ASSIGNMENT:
Make an exact copy of the listing underneath, skipping each picture.
##### SUPPLIED ENTRIES #####
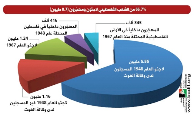 [2] 5,545,540 M 1948 refugees registered with UNRWA, 1,161,812 M 1948 unregistered refugees, 1,237,462 M 1967 refugees, 415,876 internally displaced inside the Green Line and 344,599 internally displaced in the oPt. BADIL Survey 9th Edition (under final review).
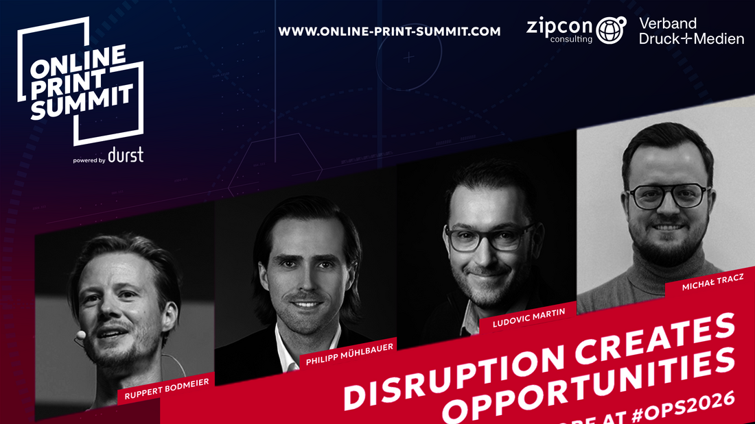 Der Online Print Summit 2026 baut sein Speakers Line-up weiter aus und rückt das Thema Disruption noch stärker ins Zentrum der Diskussion. Neu bestätigte Referenten sind: Ruppert Bodmeier, Gründer der KI-Plattform „Disrooptive“, Philipp Mühlbauer, Gründer und CEO des Onlineprint-Schwergewichts The Customization Group, der französische Onlineprint-Experte Ludovic Martin sowie Print-Logistic-CEO Michał Tracz. In ihren Vorträgen geht es um die zentrale Frage, wie grundlegend (Online-)Print derzeit verändert wird – und welche strategischen Optionen Unternehmen haben, diese Entwicklung aktiv mitzugestalten. Wer Antworten darauf sucht, sollte unbedingt am 12. und 13. März in der Alten Kongresshalle München dabei sein. Noch gibt es Karten.
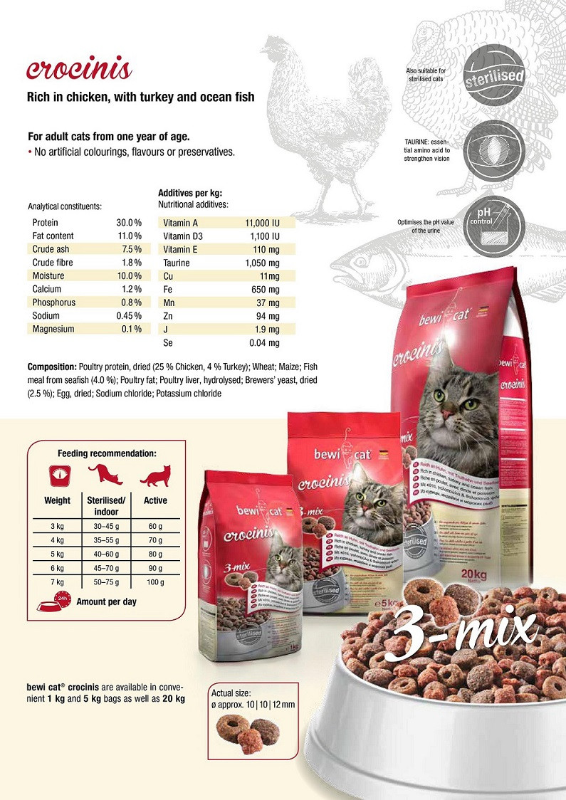 * Bewi Cat Crocinis Complete food for cats * Rich in chicken, with turkey and sea fish - For adult cats over one year old Composition Poultry protein, drid (25% chicken, 4% turkey); Wheat; Corn; Fishmeal from marine fish (4.0%); Poultry fat; Poultry liver, hydrolyzed; Brewer's yeast, dried (2.5%); Egg, dried; Sodium chloride; potassium chloride Analytical components Protein 30%; Fat content 11%; Crude ash 7.5%; Raw fiber 1.8%; Humidity 10%; Calcium 1.2%; Phosphorus 0.8%; Sodium 0.45%; Magnesium 0.1%
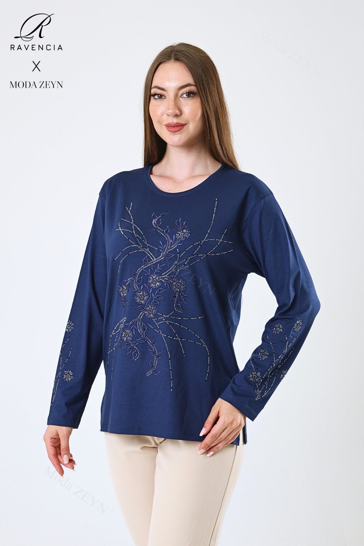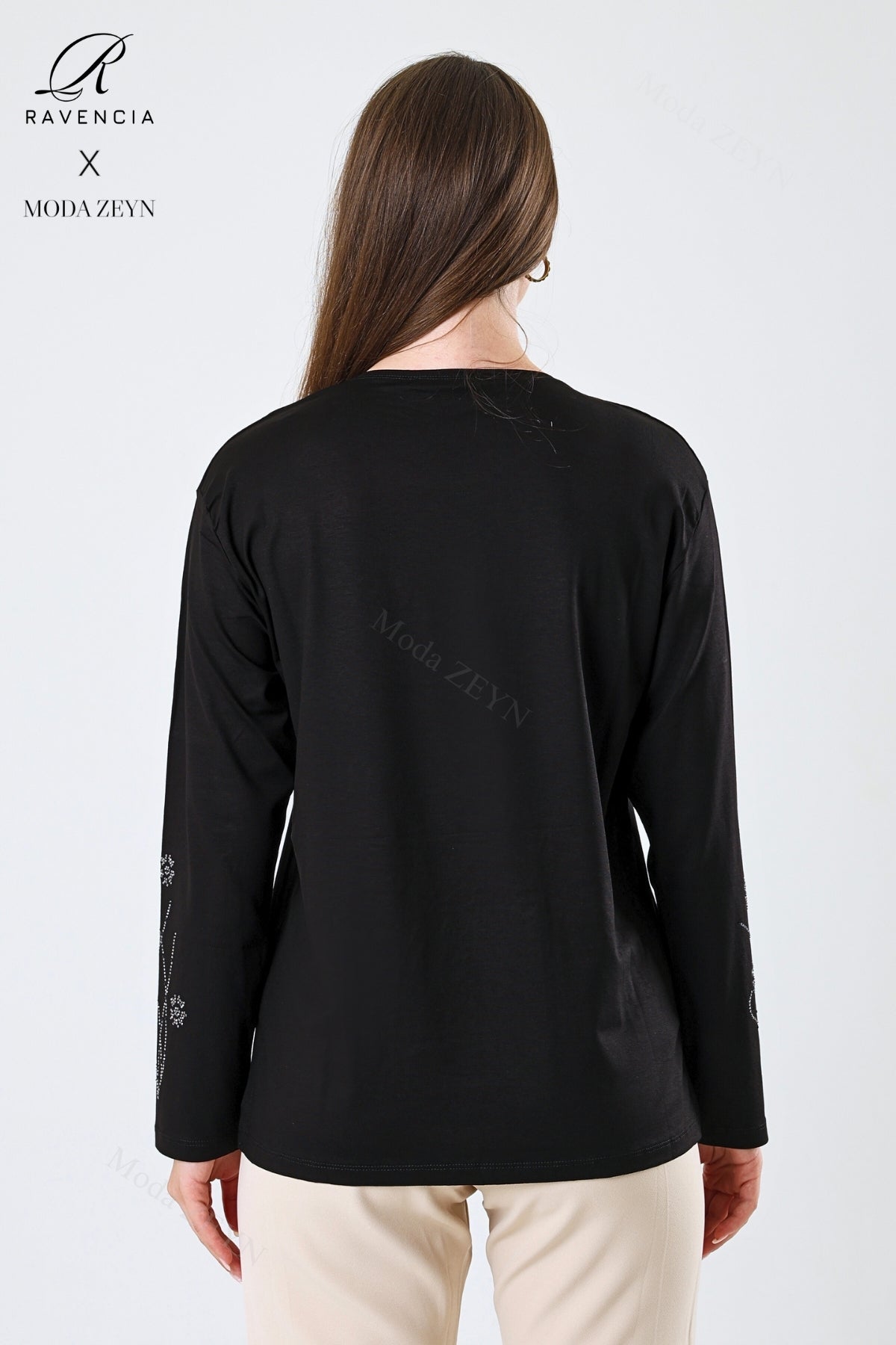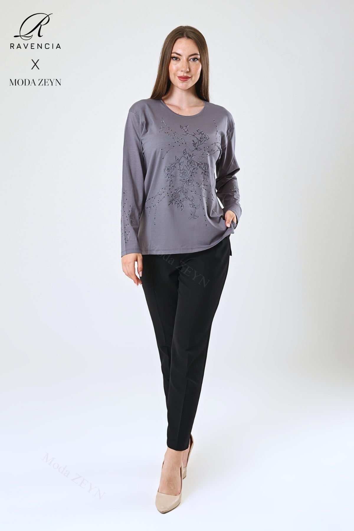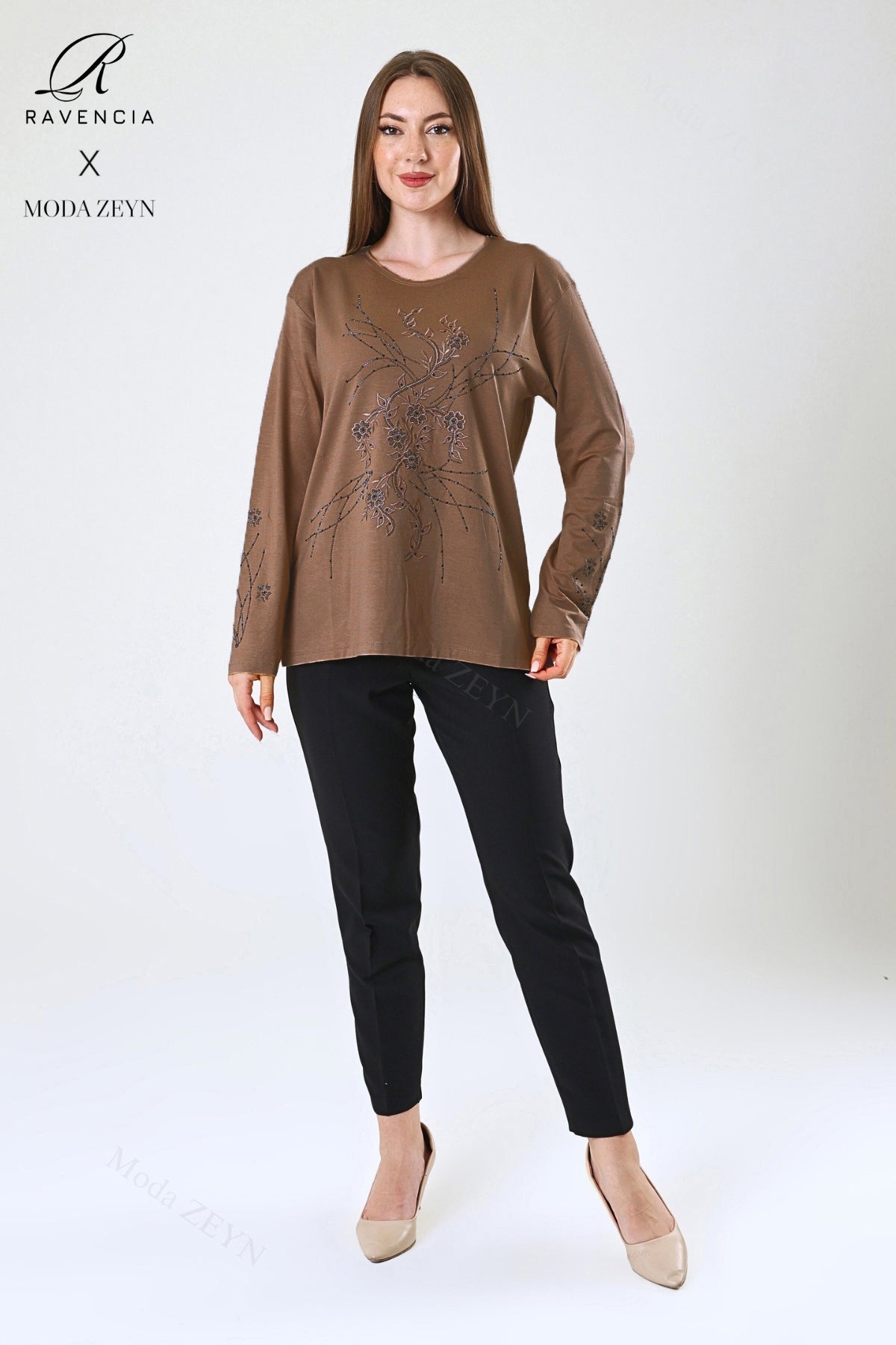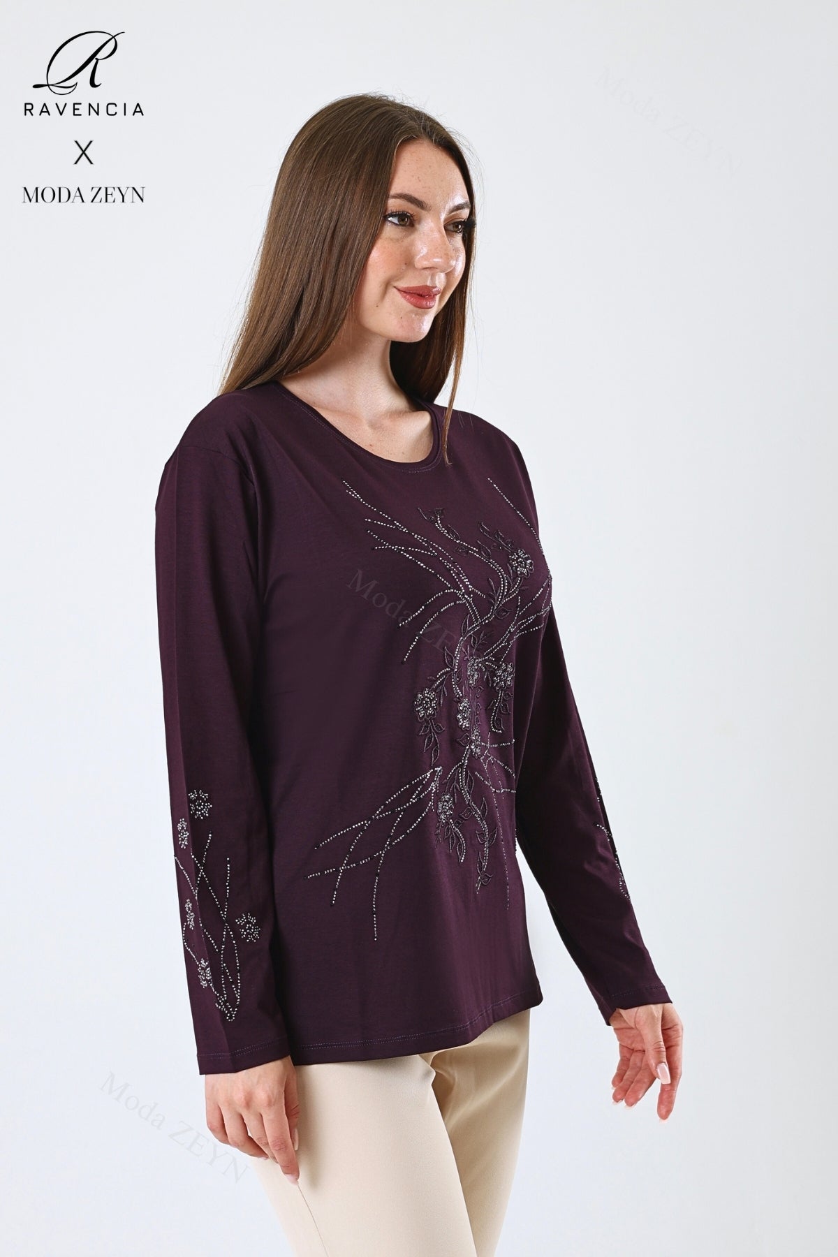 Gardırobunuzun en değerli parçası olmaya aday bu özel tasarım bluz, yüksek kaliteli viskon penye kumaşı ve göz alıcı taş işlemeleriyle şıklığı zahmetsizce yakalamanızı sağlar.
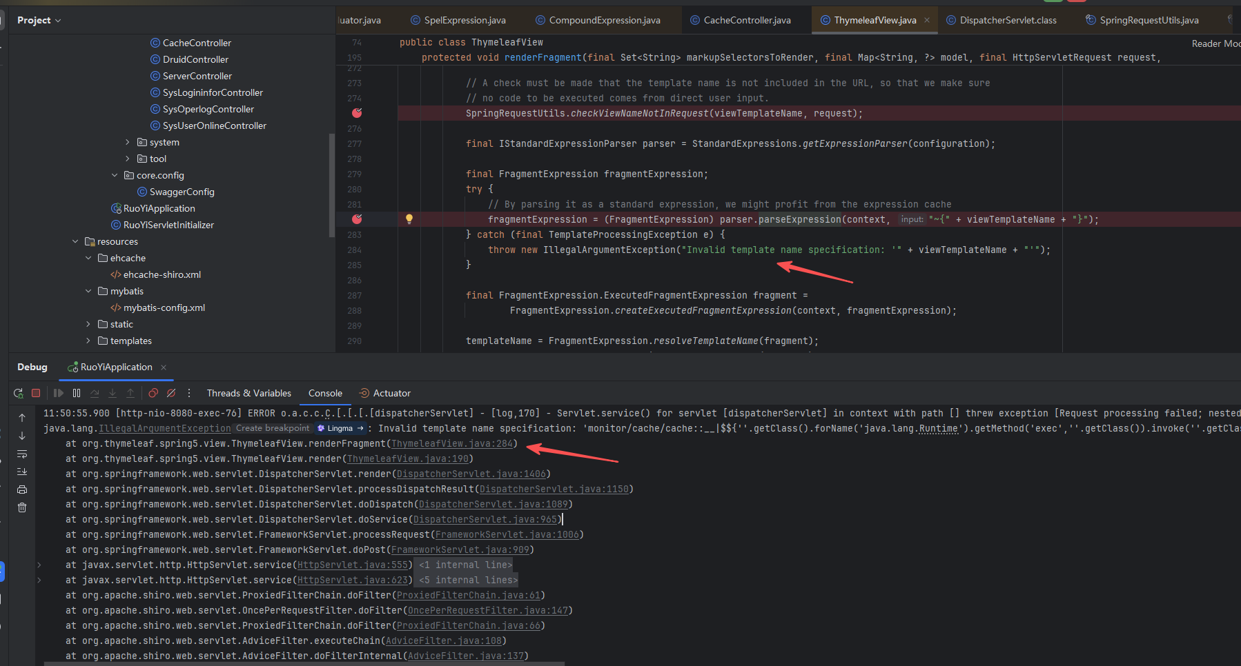因为是Thymeleaf的问题,所以漏洞存在于Ruoyi的单体应用版本
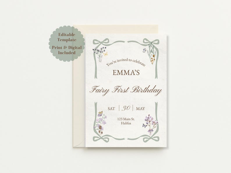 Fairy First Birthday Invitation | Whimsical Mushroom Editable Template ...
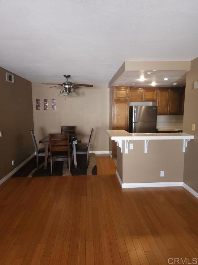Charming 1 bedroom, 1 bath condo in "Casa La Paz". Just 144 units right across the street from shopping and restaurants. This is a single level, upstairs end unit with balcony. Amenities include pool, spa, clubhouse and adjacent huge private park with picnic tables, two lighted tennis courts, a fenced dog park and ball fields, all for exclusive use of residents. This perfect location is just a few minutes to the 73-toll road and the 5 Fwy, and about 15–20-minute drive to beautiful Laguna Beach and Dana Point. Stainless appliances and microwave, wood flooring & new carpeting in the bedroom which features a walk-in closet. Added ceiling fan in eating area for great air circulation. Inside stacking washer/dryer closet for convenience, Washer/dryer and refrigerator stays. HOA.
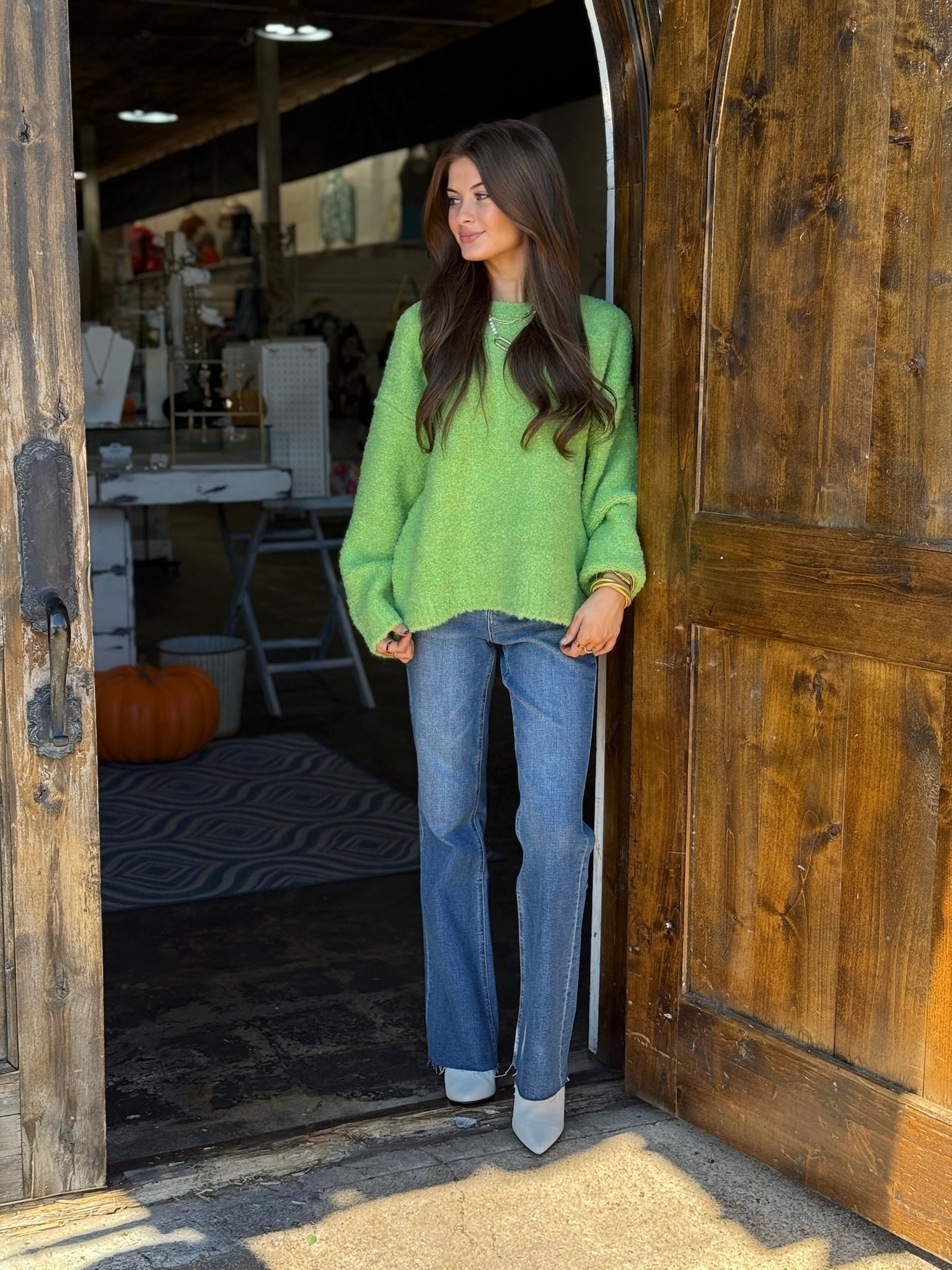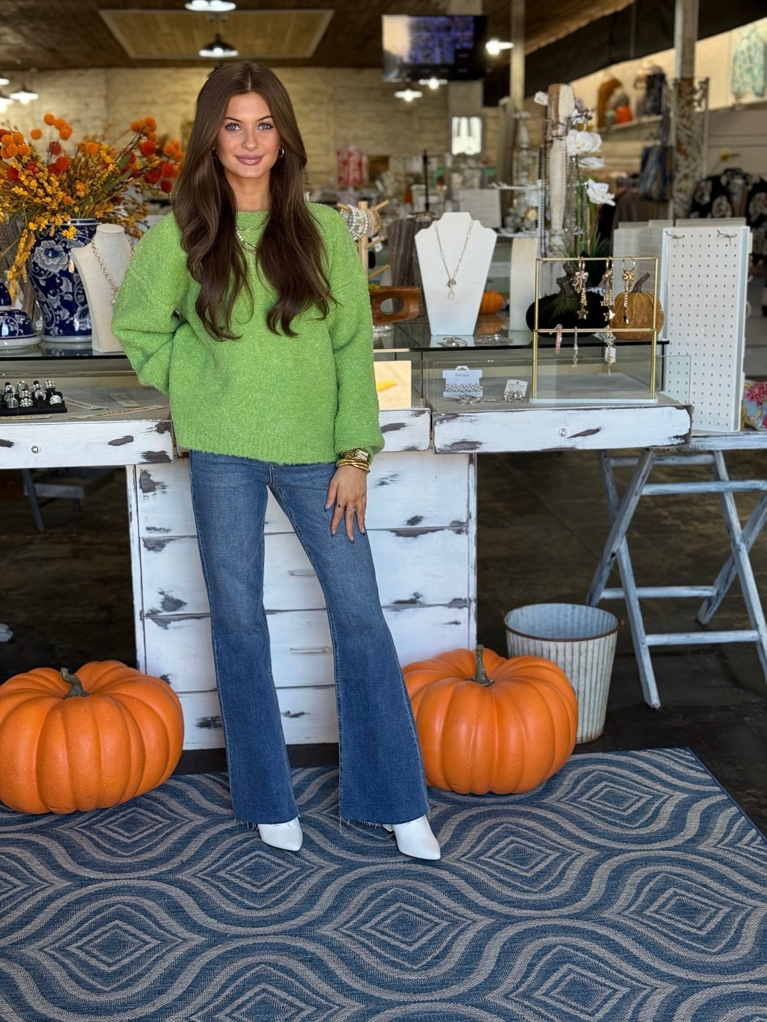 Brighten up your wardrobe with this soft, statement-making lime green sweater. Designed for ultimate comfort and effortless style, this piece features a relaxed fit, ribbed hems, and a fuzzy textured finish that feels just as good as it looks.
#####
YOUR SOLUTION:
 [2] 5,545,540 M 1948 refugees registered with UNRWA, 1,161,812 M 1948 unregistered refugees, 1,237,462 M 1967 refugees, 415,876 internally displaced inside the Green Line and 344,599 internally displaced in the oPt. BADIL Survey 9th Edition (under final review).
 Der Online Print Summit 2026 baut sein Speakers Line-up weiter aus und rückt das Thema Disruption noch stärker ins Zentrum der Diskussion. Neu bestätigte Referenten sind: Ruppert Bodmeier, Gründer der KI-Plattform „Disrooptive“, Philipp Mühlbauer, Gründer und CEO des Onlineprint-Schwergewichts The Customization Group, der französische Onlineprint-Experte Ludovic Martin sowie Print-Logistic-CEO Michał Tracz. In ihren Vorträgen geht es um die zentrale Frage, wie grundlegend (Online-)Print derzeit verändert wird – und welche strategischen Optionen Unternehmen haben, diese Entwicklung aktiv mitzugestalten. Wer Antworten darauf sucht, sollte unbedingt am 12. und 13. März in der Alten Kongresshalle München dabei sein. Noch gibt es Karten.
 * Bewi Cat Crocinis Complete food for cats * Rich in chicken, with turkey and sea fish - For adult cats over one year old Composition Poultry protein, drid (25% chicken, 4% turkey); Wheat; Corn; Fishmeal from marine fish (4.0%); Poultry fat; Poultry liver, hydrolyzed; Brewer's yeast, dried (2.5%); Egg, dried; Sodium chloride; potassium chloride Analytical components Protein 30%; Fat content 11%; Crude ash 7.5%; Raw fiber 1.8%; Humidity 10%; Calcium 1.2%; Phosphorus 0.8%; Sodium 0.45%; Magnesium 0.1%
 Gardırobunuzun en değerli parçası olmaya aday bu özel tasarım bluz, yüksek kaliteli viskon penye kumaşı ve göz alıcı taş işlemeleriyle şıklığı zahmetsizce yakalamanızı sağlar.
因为是Thymeleaf的问题,所以漏洞存在于Ruoyi的单体应用版本
 Fairy First Birthday Invitation | Whimsical Mushroom Editable Template ...
Charming 1 bedroom, 1 bath condo in "Casa La Paz". Just 144 units right across the street from shopping and restaurants. This is a single level, upstairs end unit with balcony. Amenities include pool, spa, clubhouse and adjacent huge private park with picnic tables, two lighted tennis courts, a fenced dog park and ball fields, all for exclusive use of residents. This perfect location is just a few minutes to the 73-toll road and the 5 Fwy, and about 15–20-minute drive to beautiful Laguna Beach and Dana Point. Stainless appliances and microwave, wood flooring & new carpeting in the bedroom which features a walk-in closet. Added ceiling fan in eating area for great air circulation. Inside stacking washer/dryer closet for convenience, Washer/dryer and refrigerator stays. HOA.
 Brighten up your wardrobe with this soft, statement-making lime green sweater. Designed for ultimate comfort and effortless style, this piece features a relaxed fit, ribbed hems, and a fuzzy textured finish that feels just as good as it looks.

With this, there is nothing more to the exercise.